── SUPPLIED RECORDS ──

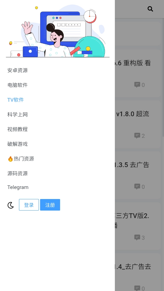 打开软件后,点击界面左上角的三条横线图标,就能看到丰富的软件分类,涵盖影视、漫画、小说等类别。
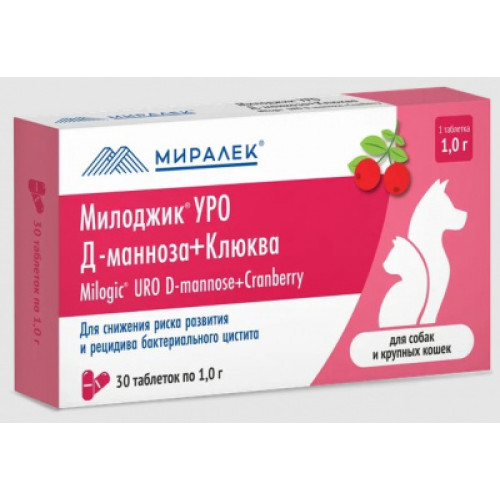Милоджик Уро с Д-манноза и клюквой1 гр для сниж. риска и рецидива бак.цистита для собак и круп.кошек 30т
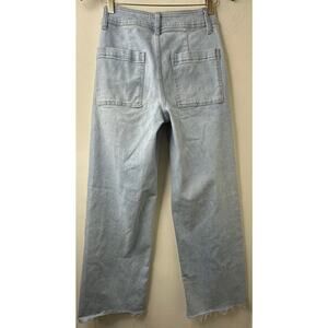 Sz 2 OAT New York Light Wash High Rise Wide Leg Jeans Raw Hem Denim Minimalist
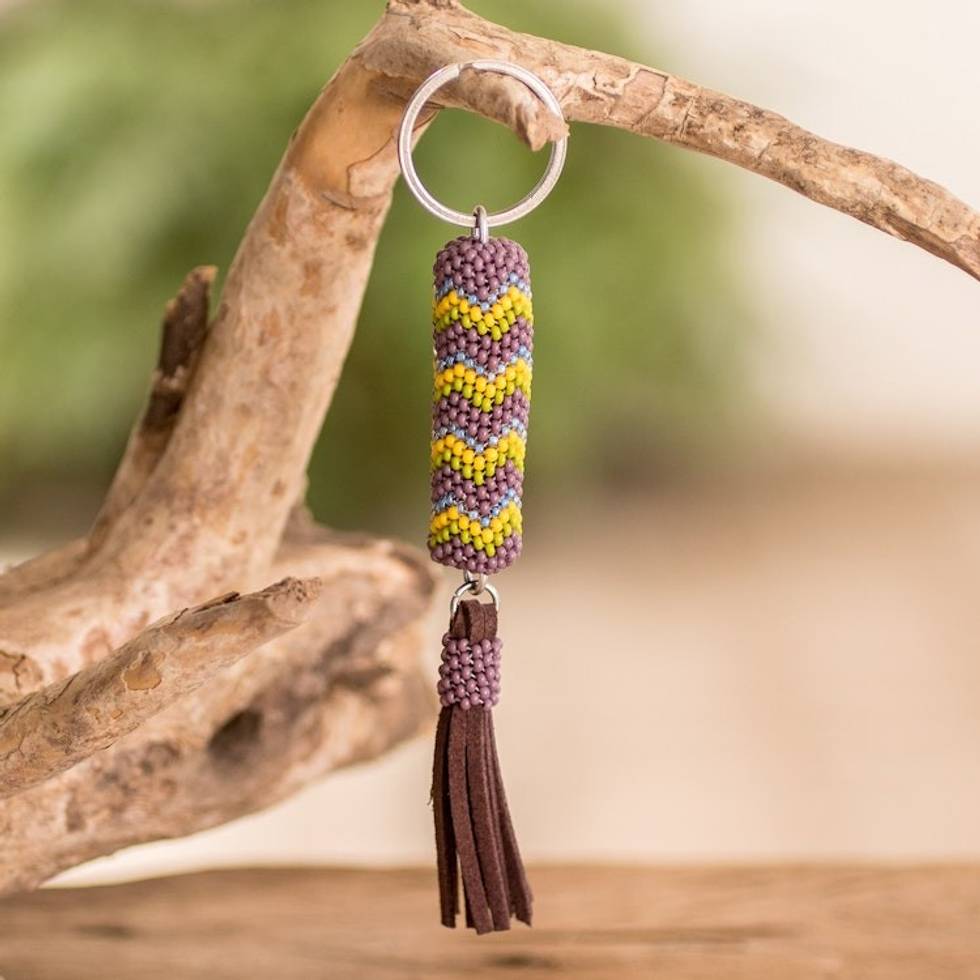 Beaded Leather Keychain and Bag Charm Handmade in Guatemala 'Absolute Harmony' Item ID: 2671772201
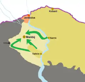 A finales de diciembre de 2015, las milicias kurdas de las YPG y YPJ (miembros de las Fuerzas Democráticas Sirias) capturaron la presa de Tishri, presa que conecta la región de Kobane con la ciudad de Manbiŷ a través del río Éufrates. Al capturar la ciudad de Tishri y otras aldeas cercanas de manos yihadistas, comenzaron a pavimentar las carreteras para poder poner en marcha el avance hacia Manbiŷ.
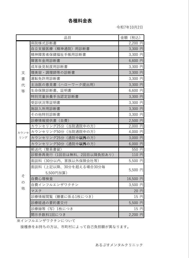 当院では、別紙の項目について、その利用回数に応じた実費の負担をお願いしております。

───

### INSTRUCTIONS TO FOLLOW
Begin with the line containing "Beaded Leather Keychain", stop at the last line of the records above, and copy every line in between exactly, both ends included, with no pictures.

### ANSWER TO THIS TASK
 Beaded Leather Keychain and Bag Charm Handmade in Guatemala 'Absolute Harmony' Item ID: 2671772201
 A finales de diciembre de 2015, las milicias kurdas de las YPG y YPJ (miembros de las Fuerzas Democráticas Sirias) capturaron la presa de Tishri, presa que conecta la región de Kobane con la ciudad de Manbiŷ a través del río Éufrates. Al capturar la ciudad de Tishri y otras aldeas cercanas de manos yihadistas, comenzaron a pavimentar las carreteras para poder poner en marcha el avance hacia Manbiŷ.
 当院では、別紙の項目について、その利用回数に応じた実費の負担をお願いしております。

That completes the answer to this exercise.